‘And here’s a blueberry cake, and, oh, I almost forgot the tea!’
Sampson, who was a well-built, sturdy old horse, (in the sense that you pat a horse on the neck and say ‘good old Sampson’, not in actual years, that is) yet wonderfully stoic and patient, stomped his hoof on the soft mould, while Pepper packed cake after cake after tea after even more provisions into the bags of his saddle. Not that he’d mind, alas, strong, good-looking horse of noble brown that he was.
‘Are you sure you don’t want to take another coat with you, Will?’
‘But what if it’s cold in the city? Azalea always says it’s a cold, cold world, and I really wouldn’t want you to freeze…’
‘Don’t worry. I won’t.’
‘Are you sure?’
‘Oh.’ Pepper nodded, making a very sensible face. It did not, however, last long, for soon another idea flashed up in her mind and mirrored on her pretty face, and milliseconds afterwards she stood on tiptoes and inspected the saddlebags.
‘I am sure there’s everything necessary in it’ said the Hunter, who had never travelled with more luggage than the clothes he wore, a knife, maybe the gun, and an old piece of bread.
He sighed inwardly as Pepper gave him an anxious look.
‘Oh, Will, it’s such a long way to the city!’
Wilhelm nodded. It was.
‘Are you sure I can leave you alone with the house?’ the Hunter asked, preparing to mount the horse. Sampson stood chewing a bunch of grass contently and waited. Some time or other, they would depart. He didn’t care when that was.
‘Why, yes, yes, of course you can!’ Pepper nodded eagerly, her face beaming. ‘I’ll take care of everything!’
The Hunter was much too polite a person to reply aloud that this was exactly what was bothering him. Since her arrival, Pepper had turned his household upside down. Not that he didn’t appreciate clean socks every now and then, or minded the delicious pies at all. He just wasn’t used to such bustling and utter vividness. Sometimes, she was just too fast for him, and that tended to tangle up his brain. He also wasn’t used to finding his shirts folded in the cupboard instead of thrown over some chair where he left them. Or an empty sink and clean dishes. Worst were the animals. There were birds on the windowsills every time she began to sing, which was quite often, and rabbits stretching eagerly sniffing into the air in front of the door, and an occasional deer in the backyard.
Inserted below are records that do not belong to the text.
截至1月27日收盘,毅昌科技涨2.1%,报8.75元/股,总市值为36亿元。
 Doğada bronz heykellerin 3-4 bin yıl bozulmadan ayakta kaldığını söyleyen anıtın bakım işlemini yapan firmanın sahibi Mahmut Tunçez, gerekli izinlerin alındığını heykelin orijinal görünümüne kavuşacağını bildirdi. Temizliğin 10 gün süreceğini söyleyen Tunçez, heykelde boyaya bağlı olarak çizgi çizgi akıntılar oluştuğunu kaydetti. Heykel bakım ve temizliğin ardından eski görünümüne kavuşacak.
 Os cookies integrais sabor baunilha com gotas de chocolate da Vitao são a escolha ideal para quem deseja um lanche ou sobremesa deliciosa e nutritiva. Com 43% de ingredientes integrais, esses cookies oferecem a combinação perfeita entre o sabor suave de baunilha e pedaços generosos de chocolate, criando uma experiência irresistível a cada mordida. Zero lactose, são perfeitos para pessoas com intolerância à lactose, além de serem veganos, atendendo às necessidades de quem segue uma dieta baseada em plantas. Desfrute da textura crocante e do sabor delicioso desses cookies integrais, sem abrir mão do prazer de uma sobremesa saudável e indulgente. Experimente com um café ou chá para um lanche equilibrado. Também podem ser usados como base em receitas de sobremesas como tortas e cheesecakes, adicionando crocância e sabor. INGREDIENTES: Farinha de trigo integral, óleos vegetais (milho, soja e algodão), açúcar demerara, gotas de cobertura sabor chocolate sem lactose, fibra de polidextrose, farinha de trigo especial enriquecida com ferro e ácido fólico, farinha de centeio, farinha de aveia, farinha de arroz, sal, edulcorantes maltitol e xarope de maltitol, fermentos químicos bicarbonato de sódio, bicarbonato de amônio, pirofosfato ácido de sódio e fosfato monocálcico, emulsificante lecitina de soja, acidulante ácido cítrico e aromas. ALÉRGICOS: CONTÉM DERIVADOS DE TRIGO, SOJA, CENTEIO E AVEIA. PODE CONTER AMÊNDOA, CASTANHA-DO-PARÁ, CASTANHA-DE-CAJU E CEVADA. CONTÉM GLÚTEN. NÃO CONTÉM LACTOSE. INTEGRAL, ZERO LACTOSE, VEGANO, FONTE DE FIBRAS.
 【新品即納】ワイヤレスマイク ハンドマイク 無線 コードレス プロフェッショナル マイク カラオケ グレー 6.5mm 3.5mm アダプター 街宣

That was one thing. The other one was that Pepper probably would open the door to every stranger with a bright smile and invite them for tea, and everybody knows what happens when you open the door to an old, wrinkled, poor gammer selling apples.
Will got on the horseback with momentum, a little worried. Sampson raised his head and pricked his ears, not stopping the chewing unless there was a plausible cause for doing so. He’d gotten to know Pepper as well.
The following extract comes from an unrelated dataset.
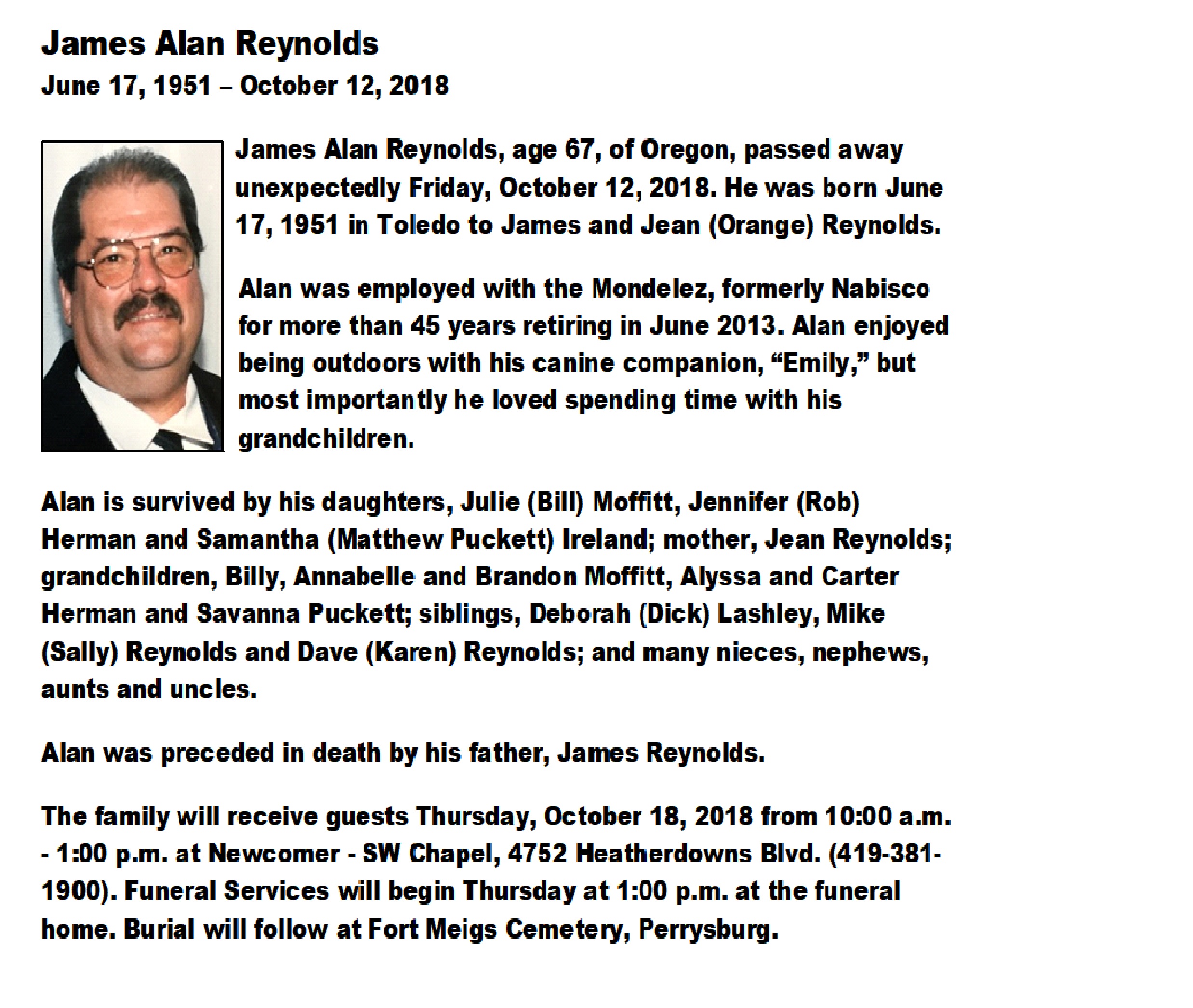 Reynolds, James, Newcomer Funeral Home SW, Toledo, OH

‘Right, then’ the Hunter said. He didn’t like to leave her all alone like that, not after what had happened to her family, but the cottage was a mess, and you couldn’t fix a broken window with a handkerchief. Or a destroyed roof with fern leaves, whatever Pepper might think.
He needed to organize things.
‘What are you not going to do?’ he asked., in a dunning voice he’d never imagined he’d have.
‘Open the door to strangers’ she answered obediently. ‘But, Will, what if…’
‘No. No opening of doors, Pepper!’ Wilhelm burst out with an unusual flashing of impatience. ‘Understood?’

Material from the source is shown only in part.